Proof of compliance with contract (builders sea trials) - acceptance by Defence - transit to home port (if required) - completion of certifications leading to RAN sea release - delivery to RAN - proof of compliance with capability requirements (operational sea trials) - IOC - delivery of last ship in build - FOC.

From that press release, we’ve just completed stage 2. Transit if needed, and it is here, can occur before, during or after the certification process. Certification, particularly for the first of class, can take a month or two (or longer) depending on the complexity of the platform.

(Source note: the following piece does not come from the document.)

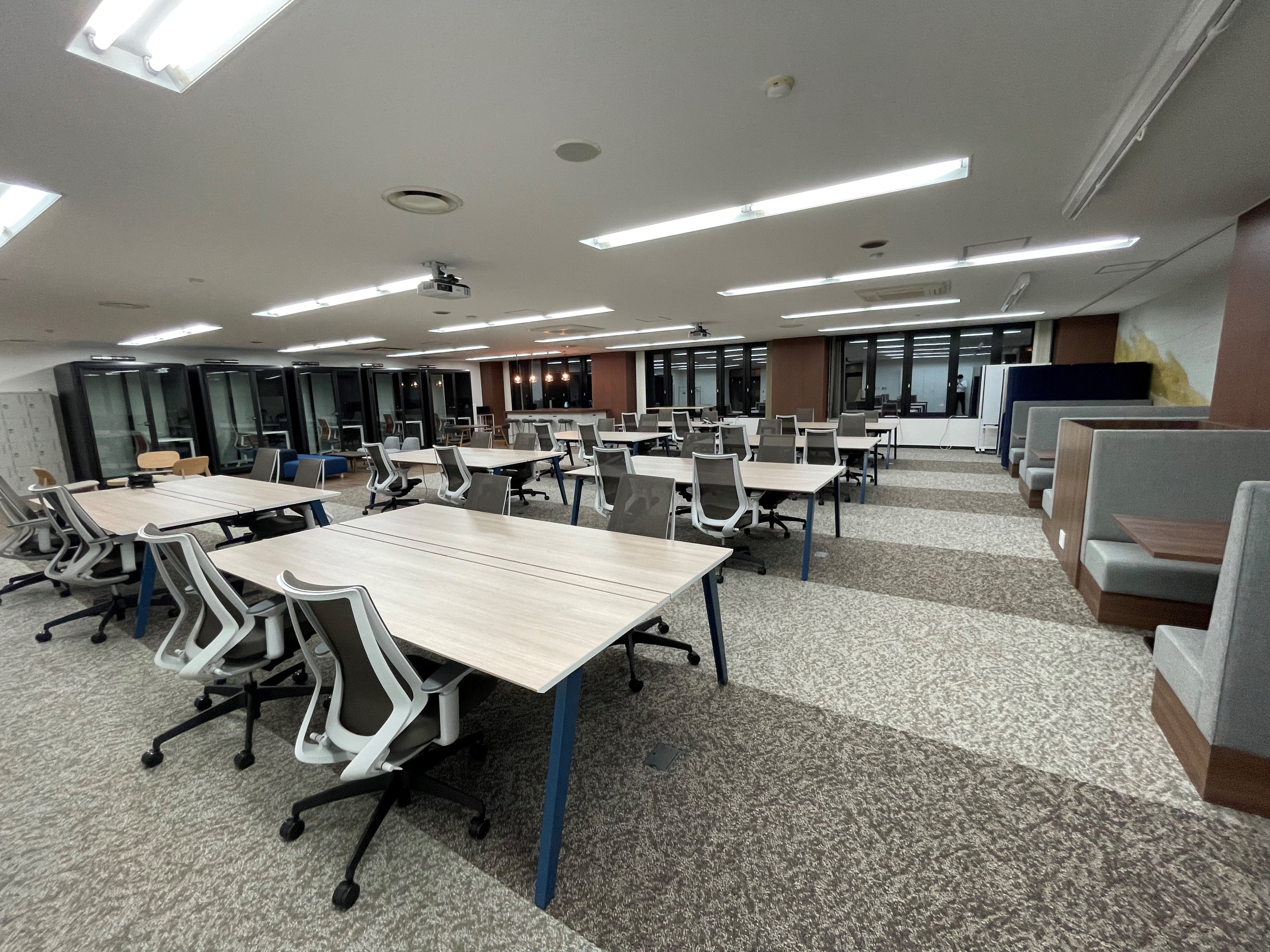カフェエリアとバーカウンターの床面は落ち着きのある木目素材を採用し、仕切りを作らずシームレスなオフィスとすることで、全体をイベントスペースとして利用することも可能です。大型スクリーンとプロジェクターも常備しています。

Commissioning usually occurs on delivery to the RAN.
So is commissioning before or after when the next federal election is called ? :rolleyes:
 

spoz

The Bunker Group
Verified Defense Pro
If not before, the caretaker conventions might require it be delayed until after the election is decided.
 

hauritz

Well-Known Member
Australia can’t easily lift defence spending to a Trump-satisfying level | The Strategist

On that point I was reading this article this morning. It talks about what would need to occur to fund defence at the levels of 3.5% GDP. Key points as follows:
  • It would equate to $97B total annual Defence spend, or $40B more than current.
  • Would require either a 12% increase in personal taxes, a 4% increase in GST, a 10% additional company tax rate, a 40% cut in other programs, or a $40B per annum increase in debt.
  • For comparison, NDIS is currently about $46B. Health and aged care is about $120B per annum.
I am a person who wants to see defence spending increase, and would love to support it at 3.5%. It would be great to get all the gear we could ever want for that money. Given the impact on either taxation, debt or other expenditure programs, I can't see that happening outside of some great and imminent threat (it really needs a barbarians at the door situation).

I still think there will be pressure from Trump for us to increase our spending, so maybe something small, such as an earlier increase to 2.4% and a longer term commitment to 3% next decade. To note there would be zero way that an extra $40B could be spend in FY26, so an immediate increase is near impossible.

For an earlier increase to 2.4%, perhaps some infrastructure investments in bases brought forward (WA and NT in particular), or some extra missile orders (can never have enough SM2s), or higher wages (something that could happen immediately).
If US allies were to actually boost their defence spending to 5% or even 3.5% of GDP a huge hunk of that money would end up in the coffers of the US defence Industry. The only way boosting Australian defence spending to US levels would work is if we built the vast majority of our equipment in Australia. When Australia buys F-35s, Virginia SSNs, missiles or whatever else from overseas that money is effectively ripped out of the Australian economy forever.

What the US spends on defence mostly benefits US industry. In turn these industries generate huge amounts of money for the US economy, partly compensating their defence budget. You then have all the other benefits the US derives from being a global superpower.

While I have no issue with Australia increasing its defence spending I think we need to be prudent in the way that money is spent.